The phenomenon often affects white pine and can occur on most evergreen species. Species that are native to colder regions expectedly show less damage than species from warmer regions. I’ve seen it on some young spruce this year as well. The needles may be completely brown or have a reddish tint to them.


White Pine showing winter injury

This injury is possible because evergreens continue to transpire and lose water through their needles in the winter, especially on warmer days. If the ground is frozen or droughty, then the plant can’t recover the water loss and the needles die. Strong winter winds can make the problem worse by increasing the rate at which the evergreen loses water and it’s usually most noticeable on evergreens that are highly exposed to these winds.


Golden Mop False Cypress, an evergreen at Minnetrista, doesn’t like to be in high winds, which leads to winter injury every year.

One of the best ways to deal with this injury is to try to avoid it in the first place. To do this, make sure the soil has adequate moisture in it until it freezes. This will make sure the plant will have available moisture when the ground isn’t frozen during the winter and moist ground won’t freeze as thoroughly as dry ground. Mulched trees will fare better as well.

If you are dealing with this, patience is helpful.
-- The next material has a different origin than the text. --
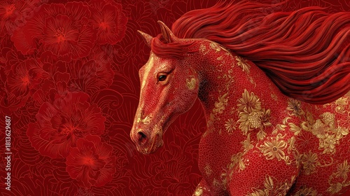 red, gold, chinese, horse, luxury, elegant, festive, celebration, tradition, culture, ornament, decoration, symbolic, auspicious, prosperity, ornate, shiny, regal, glamourous, traditional, ornamental, majestic, opulent, decorative, stunning, grand, bright, stylish, vibrant, rich, elaborate, magnificent, intricate, splendid, beautiful, oriental, cultural, celebratory, lavish, embossed, gilded, glowing, noble

It might be tempting to trim out the brown but don’t! Luckily even with severely winter injured evergreens, the buds that will supply new needles can survive. It might take a bit of time but normal growth should resume. If growth doesn’t occur as the season progresses then it’s time to prune, but not before you are sure of the extent of damage.  

For the rest of the season, maintain adequate moisture and make sure to limit any other stresses that can affect the tree. This will give your evergreen the best chance to recover from its winter injury.  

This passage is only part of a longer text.